The Newlands Project in 1903 create irrigation for the first time in Lahontan Valley. The Truckee River flows from Lake Tahoe through Reno to Pyramid Lake and evaporates as a termianl lake. Water from the Truckee River is diverted to the Carson River below Reno above the Lake. Historic water levels in the Lake fell around 70 feet due to irrigation. Since the 1970s the lake level has been rising. The Tribe has won numerous court decisions to regain water in the lake. They own the reservoir storage in Stampede Reservoir, and use it for attractant flows to promote the LCT fishery as well as the endangered cui-cui a type of sucker. The fish spawn in the Lower Truckee River.

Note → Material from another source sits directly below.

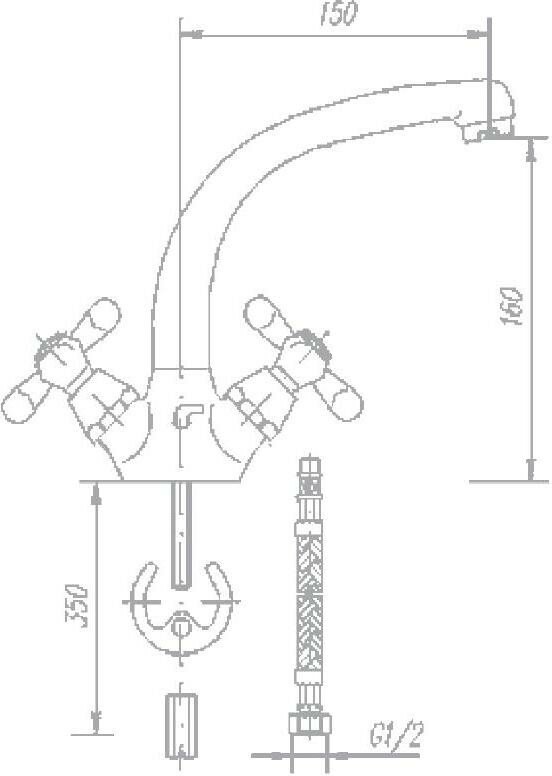 - Высота смесителя до излива 160 мм

I have paddled sea kayaks on the Lake with 3-4 waves, sailed on it, wakeboarded on it and camped next to its shores. It is a winter fishery.
Stay near shore if you paddle on it. The lake is large as in over 20 miles long. It has a lot of fetch and winds can come up any time, nearly always in the aftrernoon. Never turn your back on Lake Pyramid. We have fatals nearly every year due to the fishing during winter. Wear a life jacket. it is risky in a small boat with cold water.
The history of Pyramid Lake is pretty amazing…
I would love to paddle all the way around Pyramid, but don’t know if they would allow me to camp on the East side. Paddling around the Pinnacles has got to be pretty cool.